Your goal
The reply should hold only the lines from the one with "G廠-骷髏頭卡槽項鍊男個性冷" to the one with "Harley Davidson en", both ends kept, exactly as they appear below, without any pictures.

Data shown
============

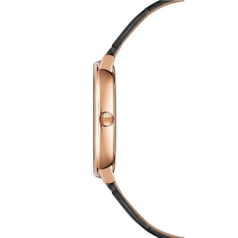 Le bracelet en cuir de veau avec une finition motif alligator ajoute une touche de sophistication au modèle, tandis que la boucle ardillon assure une sécurité et un confort optimaux. Ce matériau noble et durable s'harmonise parfaitement avec l'élégance du boîtier, complétant cet ensemble cohérent de haute qualité.
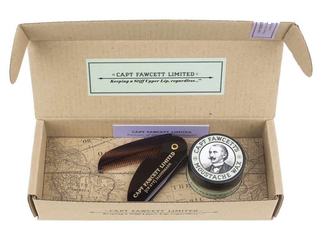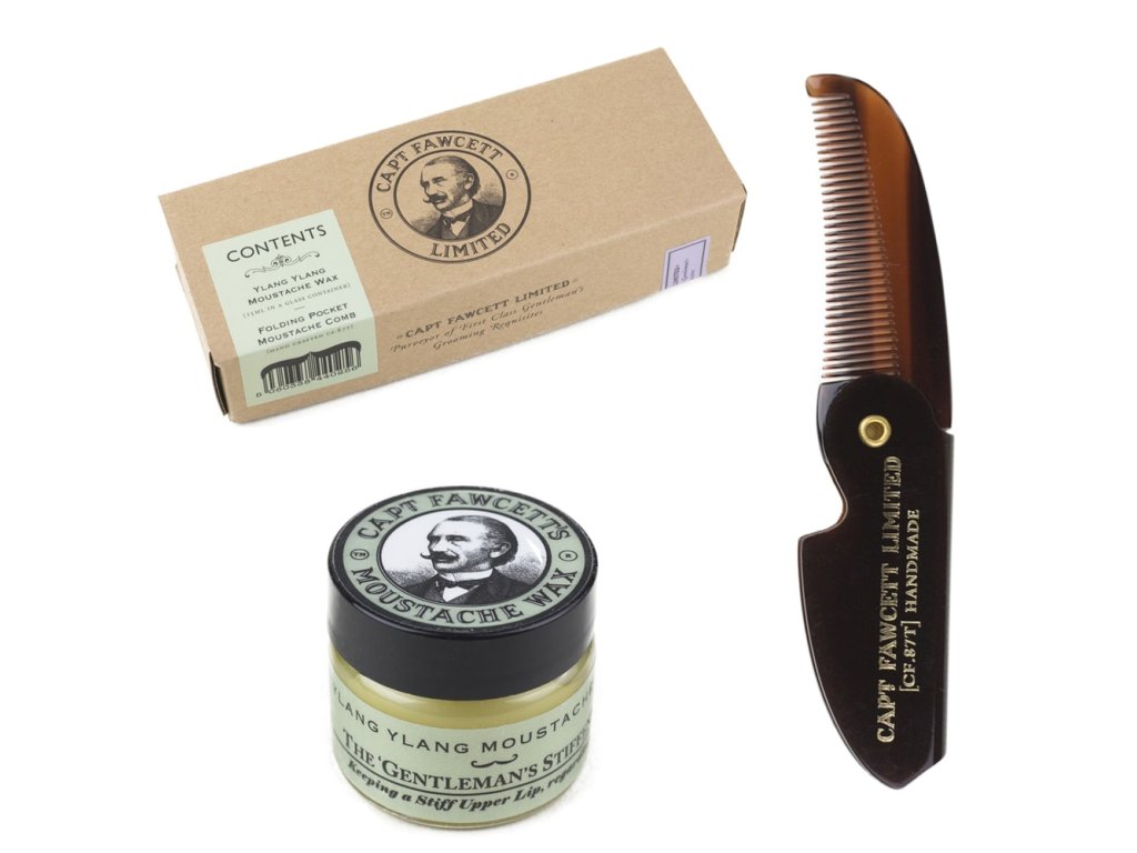 Dárková sada vosku a skládacího hřebínku na knír CAPTAIN FAWCETT Ylang Ylang - legendární péče pro legendární knír.
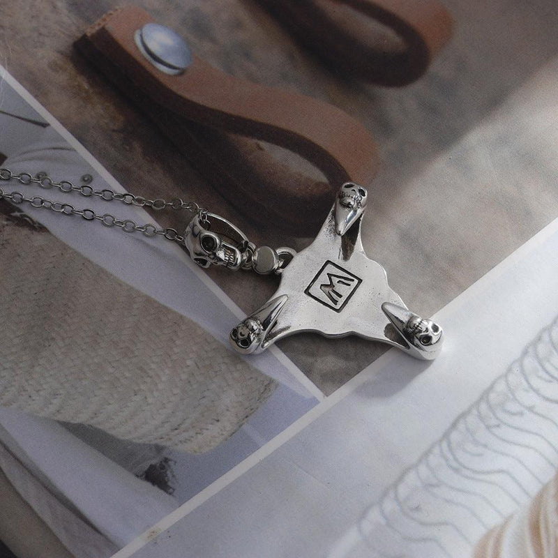 G廠-骷髏頭卡槽項鍊男個性冷淡風鏤空鎖骨鏈時尚百搭高級感愛心吊墜「X988」25.02-3
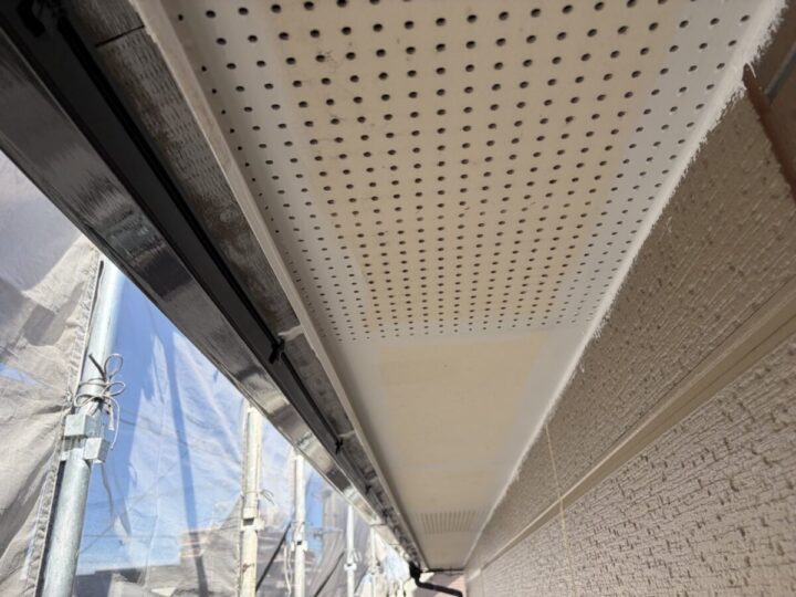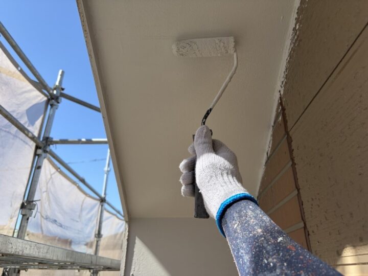 下塗りした後は、十分に乾燥させてから上塗りを行います。上塗りには軒天用のつや消し塗料などを使用し、ローラーや刷毛でムラなく均一に仕上げます。下塗りによって吸い込みが抑えられているため、上塗りがきれいにのり、耐久性と美観の良い仕上がりになります。
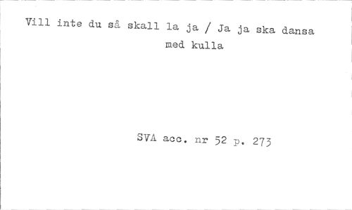 //// Vill inte du så skall la ja / Ja ja ska dansa //// med kulla //// SVA acc. nr 52 p. 273 ////
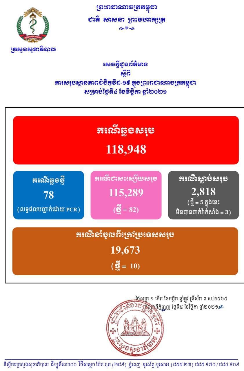 នៅថ្ងៃទី05 ខែវិច្ឆិកា ឆ្នាំ2021នេះ ក្រសួងសុខាភិបាលកម្ពុជា បានចេញសេចក្តីជូនដំណឹងពី ការរកឃើញករណីវិជ្ជមានវីរុសកូវីដ១៩ថ្មី ចំនួន 78នាក់ (លទ្ធផលបញ្ជាក់ដោយ PCR) ខណៈអ្នកបានជាសះស្បើយថ្មីមានចំនួន 82នាក់ និងមានអ្នកបាត់បង់ជីវិតថ្មី 5នាក់ (មិនបានចាក់វ៉ាក់សាំង 3នាក់) គិតមកទល់ពេលនេះ ករណីឆ្លងកូវីដ១៩ សរុបនៅក្នុងប្រទេសកម្ពុជា មានចំនួន 118,948នាក់, ករណីជាសះស្បើយសរុប 115,289នាក់ និងស្លាប់សរុប 2,818នាក់៕
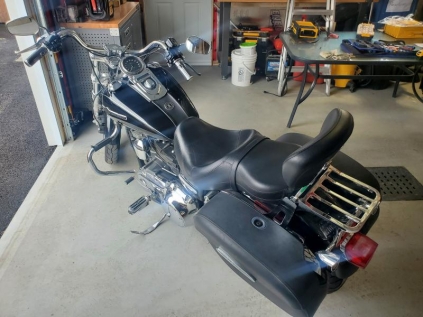 Harley Davidson en super condition toujours entretenue par le concessionnaire avec siège passageravec dossier porte bagages valise en cuir rigide avec serrure, pneu neuf, pare brise détachable, appuis pied et toile de protection .
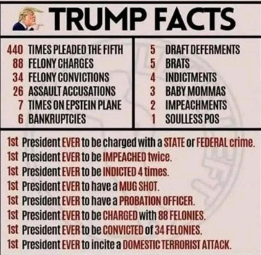 Failed business man, convicted felon, sexual predator, pathological liar, unapologetic fascist, backed by every racist organization in the world, republican. Vote blue midterms
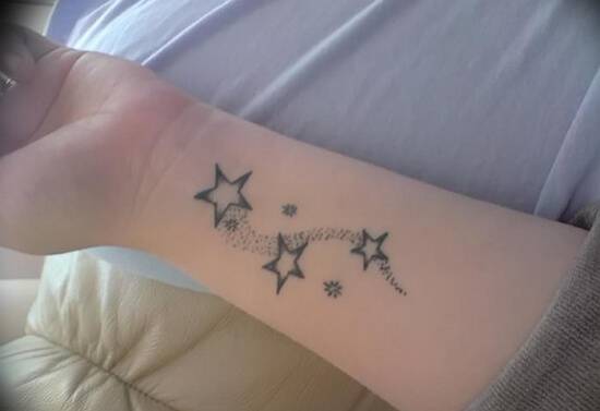 Звездочки разного размера смотрятся очень изящно. Однако это не просто украшение, ведь они имеют глубокое содержание. Пятиконечная звезда означает, что вы готовы к переменам и не боитесь их. Вариант с шестью лучами говорит о принадлежности к иудейской религии. Семиконечная звездочка символизирует гармонию между внешним и внутренним. Если вы нашли баланс между духовной и социальной жизнью, самое время набить восьмиконечную звезду.
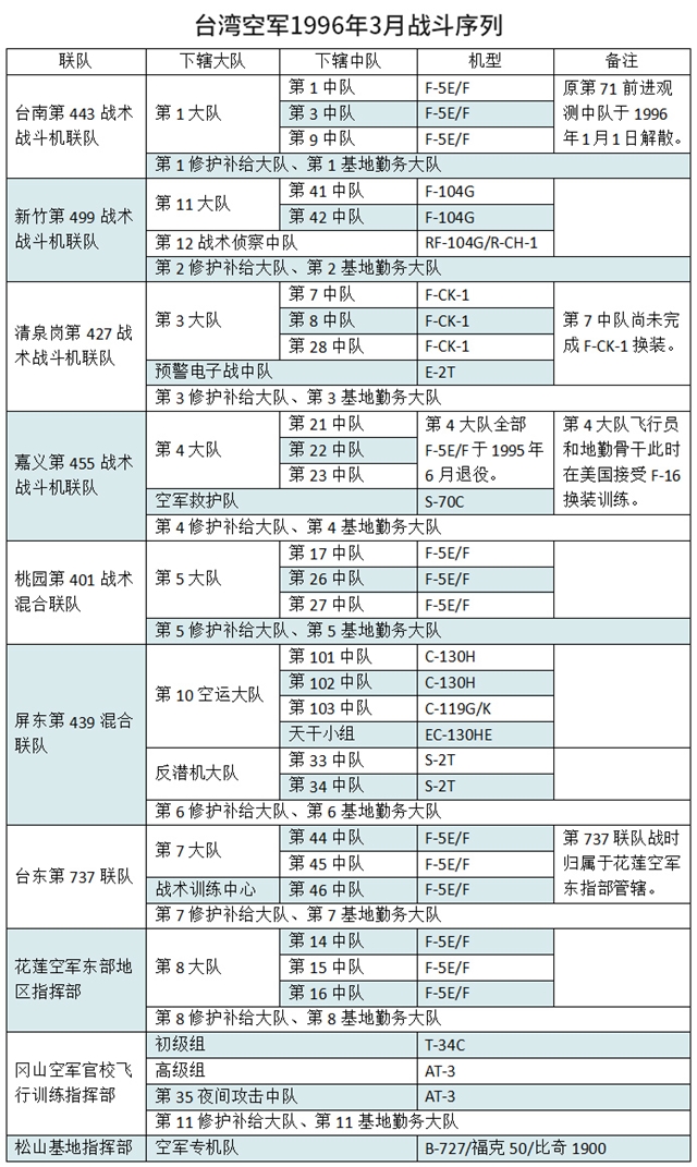 在1996年3月為高峯時期的台海導彈危機中,台空軍飛行部隊無疑是兩岸對峙的第一線部隊。在這一時期,主管全部飛行部隊台空軍作戰司令部總計擁有7個聯隊,1個地區指揮部,9個大隊,16支戰鬥機中隊,3支空運中隊,5支獨立中隊的實力。
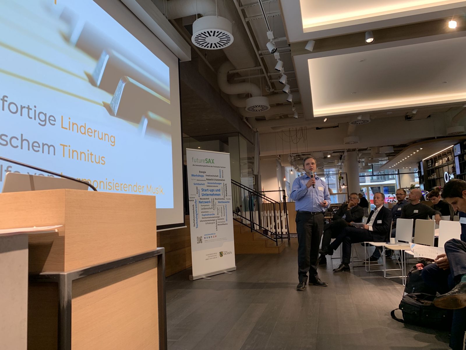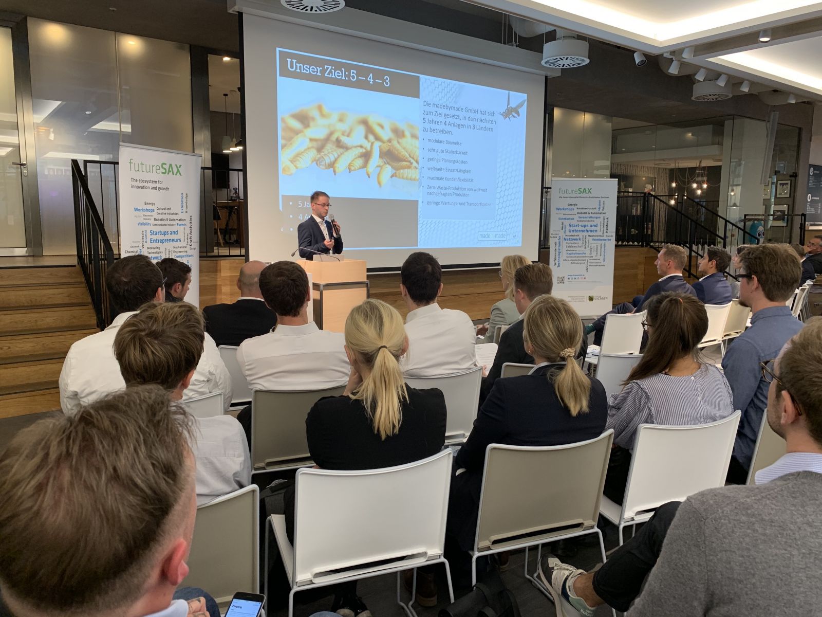 „Auf der futureSAX-Investoren Roadshow wurde heute ein guter Mix von Teams aus den verschiedensten Bereichen geboten, mit denen man sich neben den gut organisierten Panels effektiv austauschen konnte.“
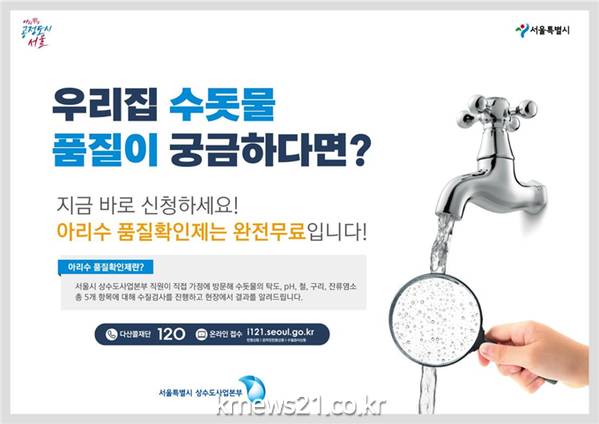 아리수 품질확인제는 다산콜재단(120번)이나 관할 수도사업소, 또는 서울시 상수도사업본부 홈페이지(http://arisu.seoul.go.kr)에서 신청할 수 있다. 검사 비용은 무료이며 결과는 현장에서 바로 안내한다.

============

Finished task
 G廠-骷髏頭卡槽項鍊男個性冷淡風鏤空鎖骨鏈時尚百搭高級感愛心吊墜「X988」25.02-3
 下塗りした後は、十分に乾燥させてから上塗りを行います。上塗りには軒天用のつや消し塗料などを使用し、ローラーや刷毛でムラなく均一に仕上げます。下塗りによって吸い込みが抑えられているため、上塗りがきれいにのり、耐久性と美観の良い仕上がりになります。
 //// Vill inte du så skall la ja / Ja ja ska dansa //// med kulla //// SVA acc. nr 52 p. 273 ////
 នៅថ្ងៃទី05 ខែវិច្ឆិកា ឆ្នាំ2021នេះ ក្រសួងសុខាភិបាលកម្ពុជា បានចេញសេចក្តីជូនដំណឹងពី ការរកឃើញករណីវិជ្ជមានវីរុសកូវីដ១៩ថ្មី ចំនួន 78នាក់ (លទ្ធផលបញ្ជាក់ដោយ PCR) ខណៈអ្នកបានជាសះស្បើយថ្មីមានចំនួន 82នាក់ និងមានអ្នកបាត់បង់ជីវិតថ្មី 5នាក់ (មិនបានចាក់វ៉ាក់សាំង 3នាក់) គិតមកទល់ពេលនេះ ករណីឆ្លងកូវីដ១៩ សរុបនៅក្នុងប្រទេសកម្ពុជា មានចំនួន 118,948នាក់, ករណីជាសះស្បើយសរុប 115,289នាក់ និងស្លាប់សរុប 2,818នាក់៕
 Harley Davidson en super condition toujours entretenue par le concessionnaire avec siège passageravec dossier porte bagages valise en cuir rigide avec serrure, pneu neuf, pare brise détachable, appuis pied et toile de protection .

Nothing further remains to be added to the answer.